The signal is divided into 100 overlapping segments, with an $80 %$ overlap used between successive segments. Overlapping reduces information loss at the segment boundaries and provides more samples for averaging.
A window function, in this case a Hann window, is applied to each segment to minimise spectral leakage. This reduces spectral leakage by avoiding sharp discontinuities at the segment boundaries.
For each windowed segment, the Fast Fourier Transform (FFT) is used to compute the periodogram, which provides the PSD estimate for that segment.

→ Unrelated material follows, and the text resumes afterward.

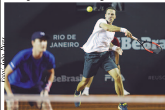
Bruno Soares e Jamie Murray disputam o Rio Open 2019

Aos 36 anos de idade e ocupando a sétima posição no ranking mundial, o tenista brasileiro Bruno Soares inicia na próxima semana, em Doha, no Catar, sua 19ª temporada como profissional. O mineiro, que já está treinando no Kalifa Stadium para a disputa do 1o. ATP de 2019, repetirá pelo quarto ano seguido a dupla com o britânico Jamie Murray. Em 2016, eles venceram o Australian Open e o US Open juntos.

Finally, the periodograms of all segments are averaged to produce the overall PSD estimate, reducing variance and creating a smoother representation of the spectral density.

The main strength of Welch's method lies in its ability to reduce the variance of PSD estimates. Compared to a single periodogram, Welch's method is much less sensitive to fluctuations in the data, offering a more stable and reliable representation of the signal's frequency content. In this thesis, it was employed to reveal the shot-noise limit and distinguish the signal from noise in the high-power laser system. However, the primary trade-off is a reduction in frequency resolution. Additionally, Welch's method increases the computational load, as the FFT must be applied multiple times across the overlapping segments.